Book review: The Longevity Book – Cameron Diaz
Most of us would recognise Hollywood actress Cameron Diaz for her work on the big screen, but did you know she’s written a couple of well-received health books as well? As one of the most famous women in the world, Cameron has fielded journalist’s questions about ageing at almost every interview – especially in the leadup to entering her 40’s. If that was me I’d be incredibly frustrated!

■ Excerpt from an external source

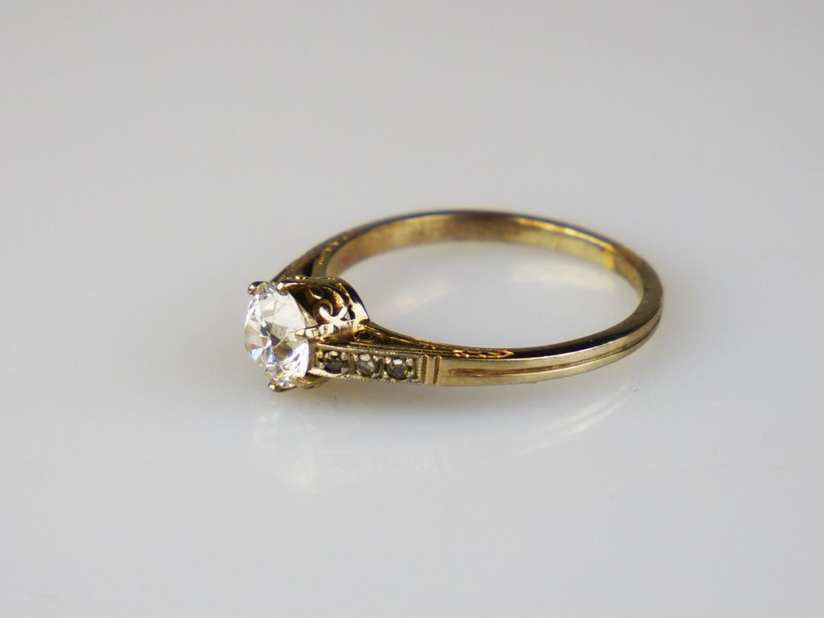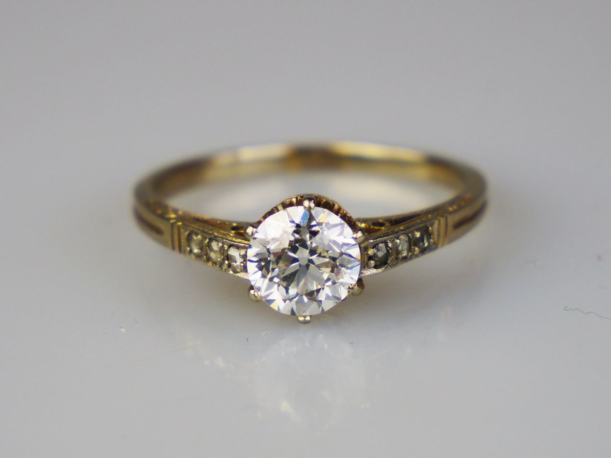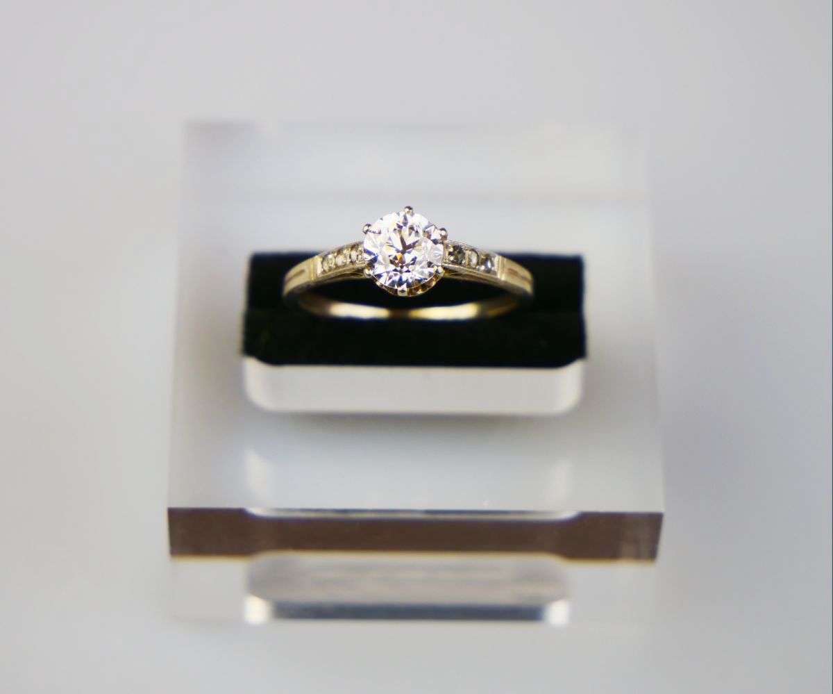 art deco prsten z bílého zlata s diamanty, centrální diamant starého briliantového brusu o hmotnosti 0,97 ct, čistota VS1, výjimečně bílá až vzácně bílá barva E-F (!), dále je na prstenu 6 ks diamantových rout, celkem je na prstenu cca 1,02 ct diamantů, Au 2,40 g/585/1000, střední Evropa, kolem r. 1925; atest Puncovního úřadu, znalecký posudek; velikost prstenu 56; kvalitní pěkný šperk

For Cameron, this kickstarted a fascination with our fear of getting older and led her to write The Longevity Book. Designed to be an informative and empowering guide to the ageing process, the actress’ follow-up to her previous bestseller The Body Book aims to create a positive roadmap to health, happiness and resilience as we grow older.
What’s inside it?
I don’t know what I was expecting from this book – when I received it in the post and first caught glimpse of the cover, in my head I’d built up a fluff piece interspersed with Cameron’s personal opinions on ageing. That was before I knew her last book hit #2 on 2014’s New York Times Bestseller List. As the old saying goes, don’t judge a book by its cover.
The Longevity Book is actually legit. Cameron joins forces with Sandra Bark (a New York Times bestselling author who collaborated with Cameron for her last book) to cover most topics that can affect the female body over time.
The book covers off the history, science and social repercussions of anti-ageing procedures, extended life expectancy, women’s health and medicine, genetics and cellular activity… all backed by facts, research and statistics while accompanied by personal anecdotes from Cameron’s life.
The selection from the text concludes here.